** Opening Exercise materials block **
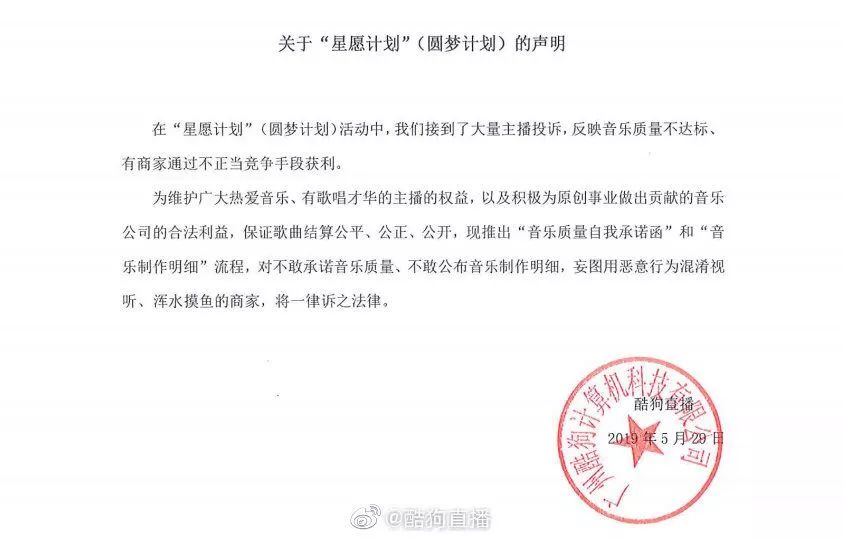 但随后,5月29日下午,酷狗音乐发布官方声明,指出在“星愿计划”活动中接到了大量主播投诉,反映单曲的音乐质量不达标,更有商家通过不正当竞争获利。
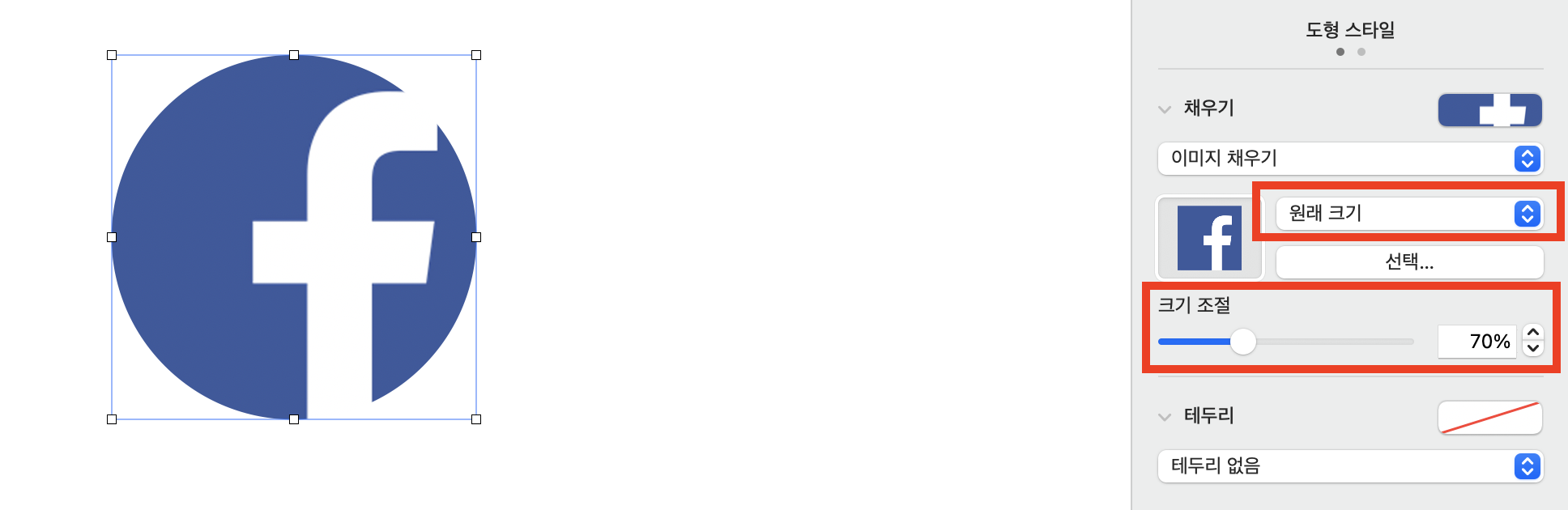 그럼에도 비율을 조정하고 싶을 때는 [원래 크기]로 변경한 후
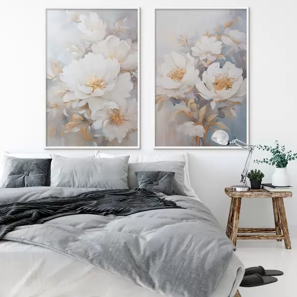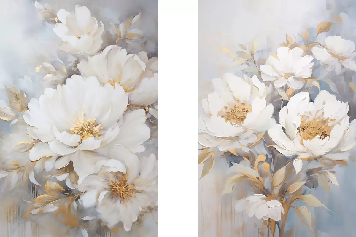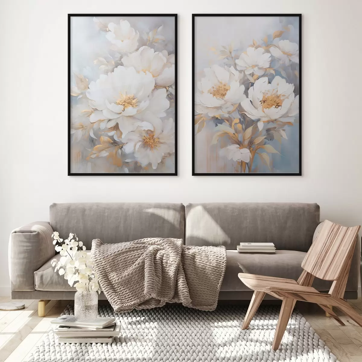 Poster Peonie bianche con centro e foglie gialle, pennellate morbide, sfondo azzurro, composizione floreale Nr d00878
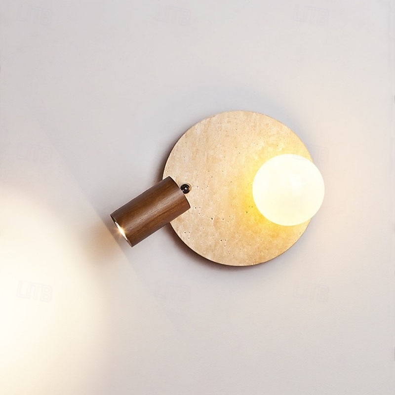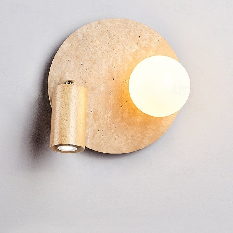 HOT ! Modern Yellow Travertine Wall Sconce Rotatable Wood Wall Lamp with Milk White Glass Shade Wabi Sabi Round Indoor Wall Sconces Adjustable Bedside Reading Light for Bedroom 110-240V 10W
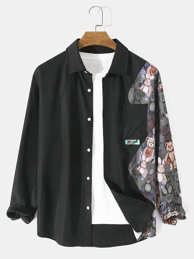 Mænd Patchwork Farve Blok Kontrast Blomster Pullover Sweatshirt
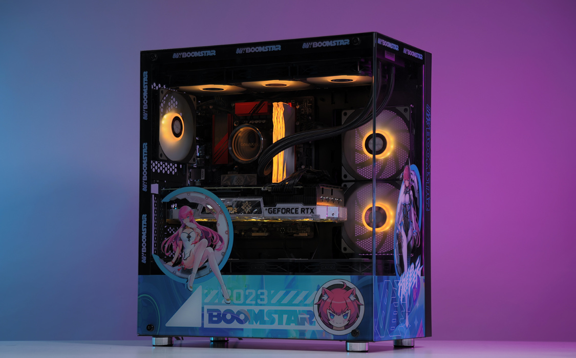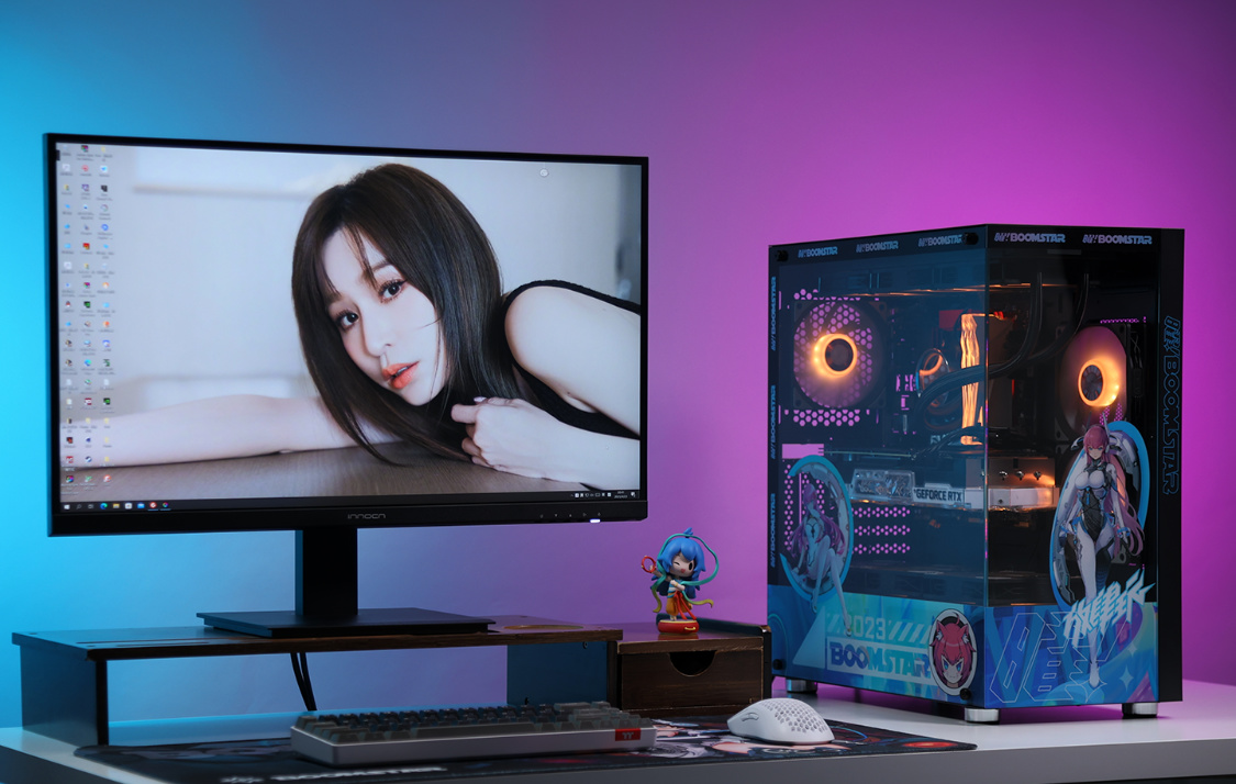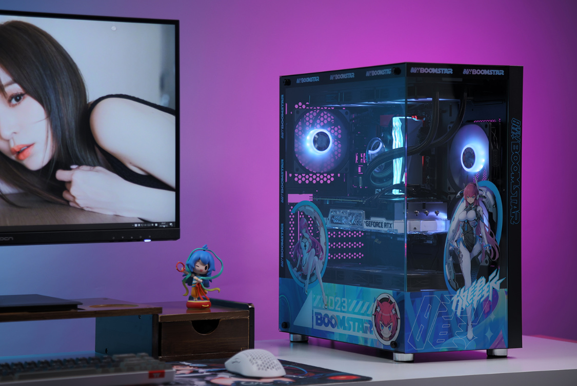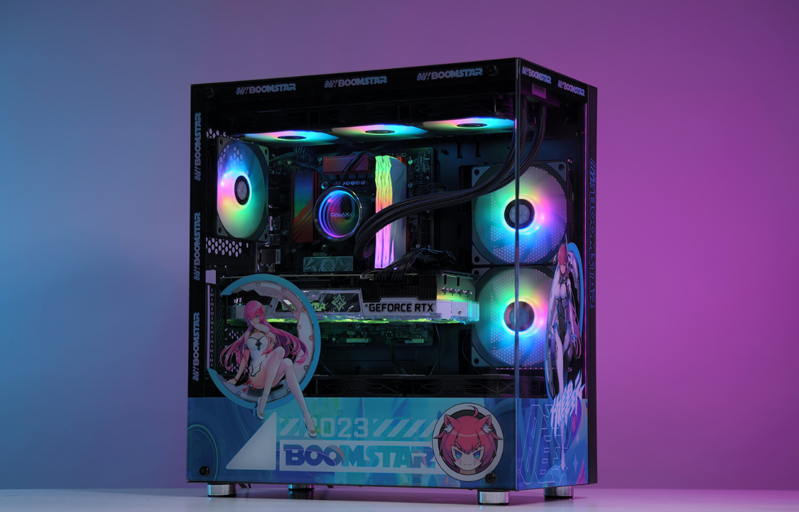 機箱選擇的是這兩年的審美主流海景房機箱,影馳魅影星曜娘黑色定製版機箱。這樣的機箱,最終的整機效果,也絕對能讓你滿意。中塔規格,但兼容性非常優秀,270°全景無遮擋設計,可以從多個角度清楚的看到機箱內部的硬件狀態。全新星曜娘形象塗裝,直接將機箱顏值拉高到另一個維度。
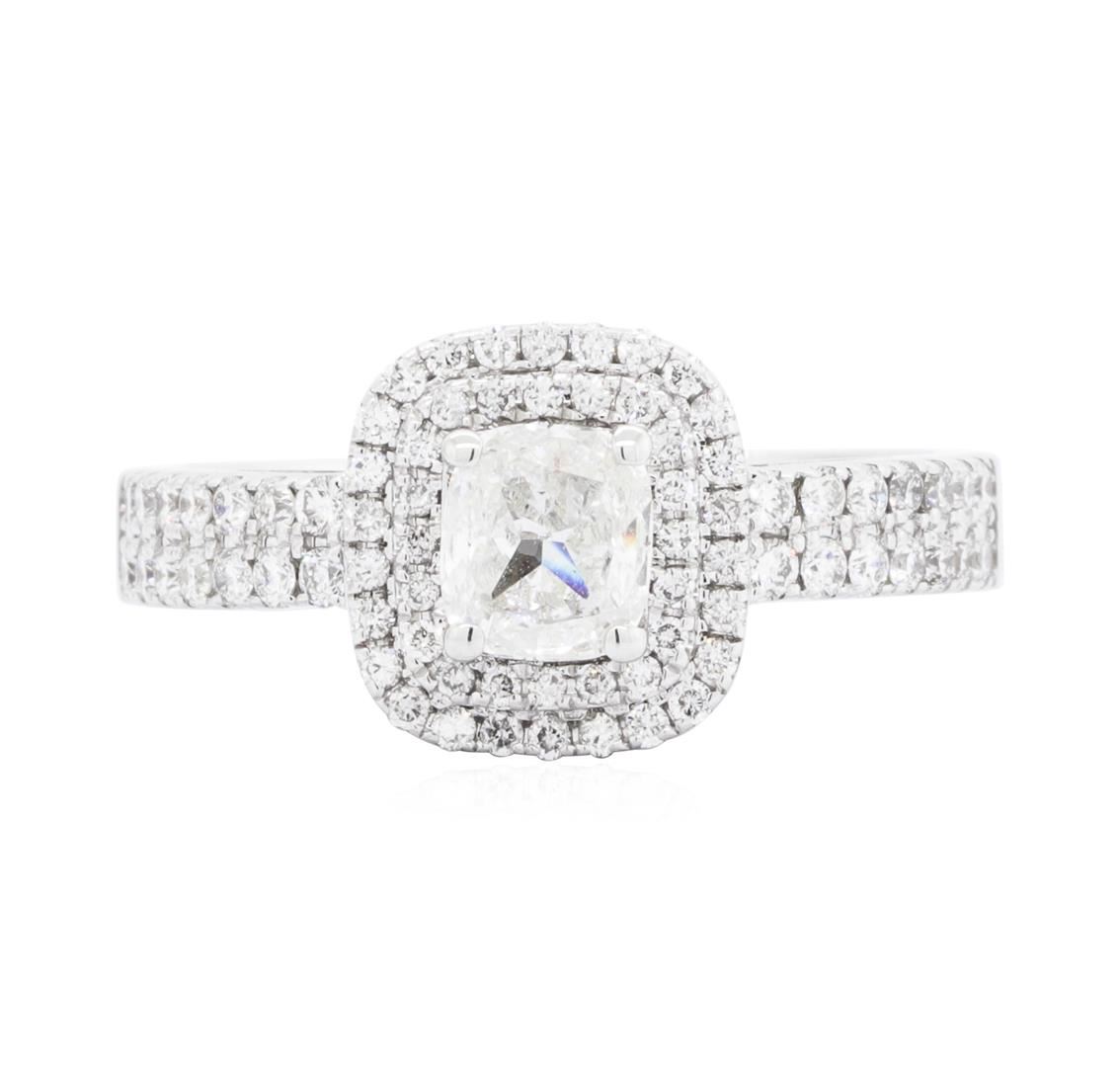 One electronically tested 14KT white gold Ladies cast wedding ring with a double basket halo with a bright polish finish. The featured Ladies ring has a shank measuring 3.53 millimeters wide. Identified with markings of '14K'. Condition is new, good workmanship. Containing: One prong set cushion cut diamond, measuring 5.93 x 5.24 x 3.23mm (depth est.) approximate weight of 0.85ct. Graded in the setting. Color J - K Clarity I-1 Cut Good Twenty-Eight prong set round brilliant cut diamonds, measuring 1.60 - 1.50 x 0.96mm (depth est.) approximate total weight of 28 Stones = 0.40ct. Graded in the setting. Color H - I Clarity SI-1 to SI-2 Cut Good Forty-Six prong set round brilliant cut diamonds, measuring 1.10 - 1.00 x 0.65mm (depth est.) approximate total weight of 46 Stones = 0.20ct. Graded in the setting. Color H - I Clarity SI-1 to I-1 Cut Good. Total Weight of Diamonds 1.45ct. Total Weight of Ring 7.60gm. GAS Appraised.
** Closing Exercise materials block **
> Exercise brief: Repeat every entry exactly. Do not include the pictures.

> Exercise result:
 但随后,5月29日下午,酷狗音乐发布官方声明,指出在“星愿计划”活动中接到了大量主播投诉,反映单曲的音乐质量不达标,更有商家通过不正当竞争获利。
 그럼에도 비율을 조정하고 싶을 때는 [원래 크기]로 변경한 후
 Poster Peonie bianche con centro e foglie gialle, pennellate morbide, sfondo azzurro, composizione floreale Nr d00878
 HOT ! Modern Yellow Travertine Wall Sconce Rotatable Wood Wall Lamp with Milk White Glass Shade Wabi Sabi Round Indoor Wall Sconces Adjustable Bedside Reading Light for Bedroom 110-240V 10W
 Mænd Patchwork Farve Blok Kontrast Blomster Pullover Sweatshirt
 機箱選擇的是這兩年的審美主流海景房機箱,影馳魅影星曜娘黑色定製版機箱。這樣的機箱,最終的整機效果,也絕對能讓你滿意。中塔規格,但兼容性非常優秀,270°全景無遮擋設計,可以從多個角度清楚的看到機箱內部的硬件狀態。全新星曜娘形象塗裝,直接將機箱顏值拉高到另一個維度。
 One electronically tested 14KT white gold Ladies cast wedding ring with a double basket halo with a bright polish finish. The featured Ladies ring has a shank measuring 3.53 millimeters wide. Identified with markings of '14K'. Condition is new, good workmanship. Containing: One prong set cushion cut diamond, measuring 5.93 x 5.24 x 3.23mm (depth est.) approximate weight of 0.85ct. Graded in the setting. Color J - K Clarity I-1 Cut Good Twenty-Eight prong set round brilliant cut diamonds, measuring 1.60 - 1.50 x 0.96mm (depth est.) approximate total weight of 28 Stones = 0.40ct. Graded in the setting. Color H - I Clarity SI-1 to SI-2 Cut Good Forty-Six prong set round brilliant cut diamonds, measuring 1.10 - 1.00 x 0.65mm (depth est.) approximate total weight of 46 Stones = 0.20ct. Graded in the setting. Color H - I Clarity SI-1 to I-1 Cut Good. Total Weight of Diamonds 1.45ct. Total Weight of Ring 7.60gm. GAS Appraised.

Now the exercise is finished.